William Henry Hopkin

Personal information
- Full name: William Henry Hopkin
- Born: 1 July 1914 Newport, Wales
- Died: 3 March 2002 (aged 87) Newport, Wales

Playing information

Rugby union
- Position: Wing
Club
| Years | Team | Pld | T | G | FG | P |
|  | Chepstow RFC |  |  |  |  |  |
|  | Gloucester RFC |  |  |  |  |  |
| 1935–38 | Newport RFC | 68 | 26 |  |  | 78 |
|  | Total | 68 | 26 | 0 | 0 | 78 |
Representative
| Years | Team | Pld | T | G | FG | P |
| 1937 | Wales | 1 | 0 | 0 | 0 | 0 |

Rugby league
- Position: Wing
Club
| Years | Team | Pld | T | G | FG | P |
| 1938–46 | Swinton | 59 | 28 | 0 | 0 | 84 |
- Source:

= Bill Hopkin =

Wales international rugby union & league player (1914-2002)

William Henry Hopkin (1 July 1914 – 3 March 2002) was a Welsh rugby union, and professional rugby league footballer who played in the 1930s and 1940s.

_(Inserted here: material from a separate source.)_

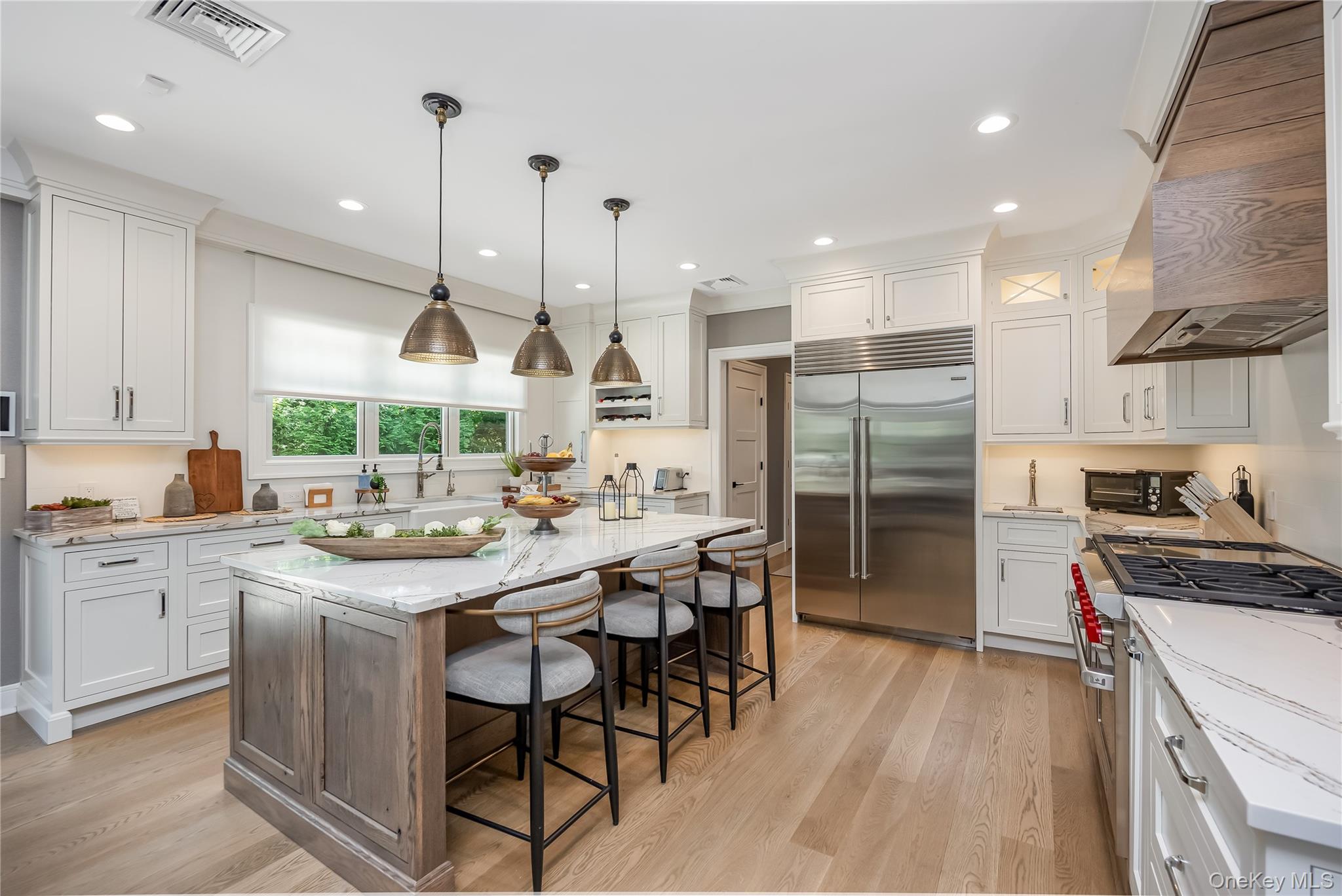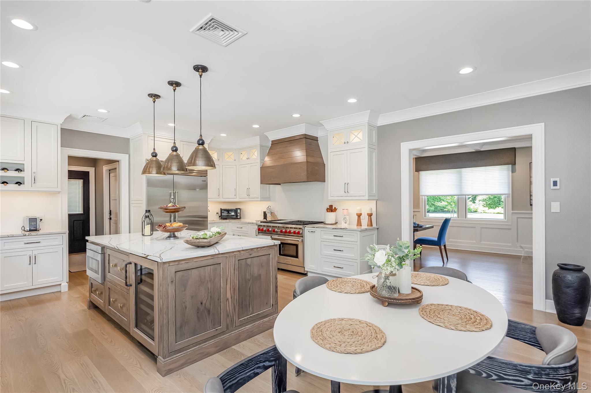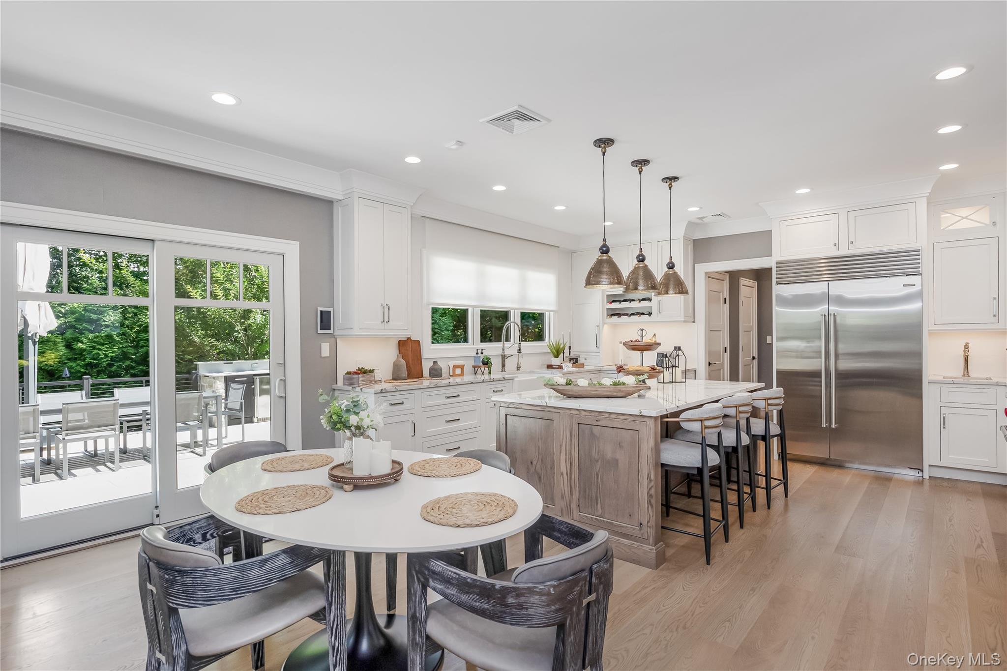 Welcome to your dream home—an elegant gated 9-room Colonial nestled in one of the most vibrant and sought-after suburban communities. Blending timeless architecture with luxurious modern upgrades, this residence is a true masterpiece inside and out! Step inside to discover expansive living and dining areas, both adorned with custom built-in cabinetry and a charming wood-burning fireplace in the living room. Crystal sliding glass door opens into a dedicated office featuring a built-in desk designed to accommodate two workstations, ideal for remote professionals or creative pursuits. A culinary enthusiast’s paradise awaits including Wolf professional-grade stove, Sub-Zero refrigerator, Marvel wine fridge, Beko hidden dishwasher, High-end Candlelight cabinetry, sleek Cambria countertops, & a 2nd utility sink. Whether you're preparing weekday meals or hosting guests, this kitchen seamlessly combines function and style. Lutron lighting and shade system, as well as a filtered water system throughout the entire house. Your sanctuary awaits in the spacious master bedroom, featuring a cozy gas fireplace and a fully customized Candlelight closet system. The en-suite bathroom offers spa-like luxury with Cambria countertops and rich Candlelight cabinetry. Convenience and elegance continue upstairs with custom cabinetry and a fully equipped laundry room featuring LG washer and dryer units. Entertain in style in your fully finished basement to include: Full bar with Cambria countertops, Marvel refrigerator, beer tap & keg fridge, and Sub-Zero ice machine, Silhouette professional wine cellar (approx. 50-bottle capacity), Glass-enclosed room perfect for a home gym or studio, Built-in Candlelight cabinetry for sleek storage Your outdoor oasis is an entertainer’s dream. The backyard features: • Built-in XO BBQ station • Marvel outdoor refrigerator • Custom outdoor cabinetry and cooking area Adjacent to your in-ground pool, the charming pool house includes: • Marvel refrigerator • Marvel keg fridge The storage unit behind the pool house is as large as the pool house! Perfect for summer gatherings or serene evenings by the fire. This exceptional home offers a rare blend of luxury, functionality, and style in a lively, community-focused neighborhood. A must-see for discerning buyers who appreciate quality craftsmanship and effortless indoor-outdoor living. Contact us today to schedule your private tour!

Hopkin was born in Newport, he played representative level rugby union (RU) for Wales, and at club level for Chepstow RFC, Gloucester RFC and Newport RFC, as a Wing, played club level rugby league (RL) for Swinton, and played association football (soccer) with Newport County reserves. He died in Newport aged 87.

==International honours==
Bill Hopkin won a cap for Wales (RU) while at Newport RFC in 1937 against Scotland.